Ответ Боулена был скорым и прямым.

— Не знаю. Я, откровенно говоря, просто боюсь.

Юный Драммонд не был ни смущён, ни растерян, явно будучи достойным партнёром Стейси в дерзости и быстроте решений.

— Я думаю, вы правы, майор! И если это в самом деле орда Чёрного Щита, — здесь голос юноши приобрёл присущий случаю драматизм, — я хотел бы схватиться с ними. Я учился в Академии вместе с Джорджем Уондером.

— Да, — Стейси тут же подхватил его патетический юн, — а Шофилд был лучшим ротным сержантом, какого только можно пожелать.

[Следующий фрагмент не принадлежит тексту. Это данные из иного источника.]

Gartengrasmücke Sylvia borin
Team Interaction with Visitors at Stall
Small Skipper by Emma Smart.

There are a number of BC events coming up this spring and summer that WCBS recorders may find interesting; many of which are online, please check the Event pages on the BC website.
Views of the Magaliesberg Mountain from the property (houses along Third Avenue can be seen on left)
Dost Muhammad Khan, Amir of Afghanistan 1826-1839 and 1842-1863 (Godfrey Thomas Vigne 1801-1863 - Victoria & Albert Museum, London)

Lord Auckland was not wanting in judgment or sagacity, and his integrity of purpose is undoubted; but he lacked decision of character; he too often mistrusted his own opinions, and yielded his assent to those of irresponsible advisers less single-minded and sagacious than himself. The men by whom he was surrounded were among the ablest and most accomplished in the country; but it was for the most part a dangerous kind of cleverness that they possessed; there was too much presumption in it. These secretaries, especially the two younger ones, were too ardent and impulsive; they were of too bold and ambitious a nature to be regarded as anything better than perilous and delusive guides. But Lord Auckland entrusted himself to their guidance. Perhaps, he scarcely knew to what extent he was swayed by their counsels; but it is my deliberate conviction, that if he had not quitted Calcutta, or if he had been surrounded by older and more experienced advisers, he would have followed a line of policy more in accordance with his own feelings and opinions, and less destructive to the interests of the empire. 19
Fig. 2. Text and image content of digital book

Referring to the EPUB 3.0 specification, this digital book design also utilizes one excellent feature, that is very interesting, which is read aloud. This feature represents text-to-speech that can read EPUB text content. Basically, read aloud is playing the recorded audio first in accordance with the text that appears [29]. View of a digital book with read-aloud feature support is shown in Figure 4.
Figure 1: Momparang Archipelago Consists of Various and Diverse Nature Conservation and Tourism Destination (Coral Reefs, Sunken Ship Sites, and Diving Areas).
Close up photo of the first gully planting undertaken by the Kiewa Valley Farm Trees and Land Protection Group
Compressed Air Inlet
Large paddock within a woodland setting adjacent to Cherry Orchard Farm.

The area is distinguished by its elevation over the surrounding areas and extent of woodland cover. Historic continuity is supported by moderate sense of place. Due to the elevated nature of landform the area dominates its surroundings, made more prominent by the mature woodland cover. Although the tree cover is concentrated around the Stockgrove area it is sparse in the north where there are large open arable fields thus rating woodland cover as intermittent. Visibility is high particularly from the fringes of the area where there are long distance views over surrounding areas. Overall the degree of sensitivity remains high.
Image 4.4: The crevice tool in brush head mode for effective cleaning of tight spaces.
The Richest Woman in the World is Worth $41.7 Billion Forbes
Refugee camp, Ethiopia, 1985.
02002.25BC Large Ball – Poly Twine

Слова Переса упали поверх возвышенной речи Стейси, словно захлопнувшаяся дверь ловушки:

— Я не пойду вниз за вами. Я слыхал приказ, отданный вам полковником Фентоном. У меня есть полное право покинуть вас на этом месте. И, мистер, я вас покидаю.

— Какого чёр… Ты, поганый полукровка, су… — Брань командующего офицера была прервана громоподобным боевым кличем, летевшим снизу. Глаза всех моментально обратились к равнинам Пейо-Крика.

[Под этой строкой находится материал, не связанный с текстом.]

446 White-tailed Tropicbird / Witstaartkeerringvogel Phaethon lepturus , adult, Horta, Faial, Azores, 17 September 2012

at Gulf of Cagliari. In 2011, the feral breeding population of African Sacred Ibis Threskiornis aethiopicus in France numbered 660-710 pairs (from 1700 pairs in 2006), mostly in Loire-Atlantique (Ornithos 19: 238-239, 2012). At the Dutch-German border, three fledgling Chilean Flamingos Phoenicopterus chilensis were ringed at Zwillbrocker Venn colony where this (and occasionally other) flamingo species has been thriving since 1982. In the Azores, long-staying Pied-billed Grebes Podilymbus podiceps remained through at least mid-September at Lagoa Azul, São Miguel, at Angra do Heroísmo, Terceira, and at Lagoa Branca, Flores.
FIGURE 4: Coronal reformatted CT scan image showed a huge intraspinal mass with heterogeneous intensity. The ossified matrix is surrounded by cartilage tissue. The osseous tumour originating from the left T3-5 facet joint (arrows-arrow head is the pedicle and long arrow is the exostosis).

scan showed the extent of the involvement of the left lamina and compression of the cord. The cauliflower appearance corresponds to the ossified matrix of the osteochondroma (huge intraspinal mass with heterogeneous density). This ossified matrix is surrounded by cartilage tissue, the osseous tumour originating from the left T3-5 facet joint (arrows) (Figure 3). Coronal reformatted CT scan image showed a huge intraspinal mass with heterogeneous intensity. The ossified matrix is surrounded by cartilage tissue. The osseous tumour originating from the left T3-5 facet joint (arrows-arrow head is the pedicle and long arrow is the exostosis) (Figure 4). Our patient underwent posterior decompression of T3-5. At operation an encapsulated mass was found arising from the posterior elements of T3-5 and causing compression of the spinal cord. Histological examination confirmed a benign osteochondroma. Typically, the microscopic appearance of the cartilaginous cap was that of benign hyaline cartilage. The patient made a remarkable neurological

Из бора, окаймляющего плоский луг, вынеслись триста конных воинов с жезлами и пиками; всадники и лошади, покрытые киноварью, охрой, кобальтом, увенчанные орлиными перьями, оперением цапли, окрашенным волосяным пухом, украшениями из меди и серебра, бизоньими рогами, медвежьими когтями, иглами дикобраза, бисером, обвешанные цветистыми одеялами: весь дикий антураж язычески прекрасных боевых одежд сиу.

На берегу ручья атака задержалась, индейские всадники осадили коней, чтобы дать возможность выдвинуться вперёд одинокой фигуре вождя, выделявшегося на фоне их раскрашенных рядов.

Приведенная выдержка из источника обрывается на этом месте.